Commercial phenotypes based on big data which are in the form of images are analyzed using machine learning models to achieve diverse demands through image analysis. Similarly, the machine learning ANNs (Artificial Neural Networks) have been deployed for obtaining scrupulous phenotypic data through this image analysis technology specifically for pearl oysters and Penaeus monodon to analyze the growth data in both and pearl quality data in pearl oysters, that alludes the individuals with good genetic composition on a concerning trait (Zenger, 2019).
Further, the gene analysis of copepod-associated Bacteriobiomes (CABs) has been conducted using machine learning models in a metanalysis-based approach to evaluate the biogeochemical properties like methanogenesis and nitrogen fixation that can also impact mostly on aquaculture practices that involved open marine waters (Sadaiappan et al., 2021).

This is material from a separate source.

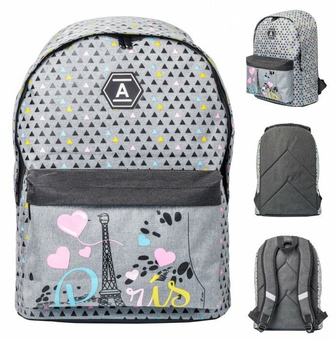 Рюкзак ACTION повседневный, для девочек, с оригинальными принтами. На нижнем кармане-принт с видом Эйфелевой башни. Рюкзак имеет 1 отделение на молнии, 1 дополнительный карман на молнии на передней панели, открытые боковые карманы. Мягкая спинка, уплотненные S-образные задние лямки со световозвращающими полосками безопасности регулировкой снизу, верхняя ручка-петелька. Материал-жаккардовый полиэстер.

Even though it is slightly different from the previous applications due to its consideration on residual aquatic organisms including macroinvertebrates, bacteria, etc. living in farming water than the main species which is being cultured, the approaches as follows are also could be considered under aquaculture genetics as the impact the aquaculture practices and involve with genetic materials. The application of Supervised Machine Learning (SML) using DNA metabarcoding to evaluates the impacts on aquaculture practices on communities of micro-faunal, micro-floral and the water itself has been tried, considering bacteria and ciliates as indicator organisms in a Salmon aquafarm (Fruehe et al., 2021).
Future prospective
Aquaculture has become a crucial industry and genetics play a major role in shaping the industry without a doubt. The application of machine learning approaches is recently being applied in aquaculture genetics with an increasing trend and sooner it will uplift the industry to its next level. To facilitate the route for the revolution the machine learning approaches can further be used for genomic markers modeling, fecundity predictions, and expression fingerprinting of economically important aquaculture species by addressing proteomics and transcriptomics data (Abdelrahman et al., 2017) and for genes identifications, evolutionary genetics and population genetics suitably.
Acknowledgement
This work was also partly supported and partly supported by Institute of Information & Communications Technology Planning & Evaluation (IITP) grant funded by the Korea government (MSIT) (No. 2020-0-01441, Artificial Intelligence Convergence Research Center (Chungnam National University)) and Korea Evaluation Institute of Industrial Technology (KEIT) grant funded by the Korea government (MOTIE).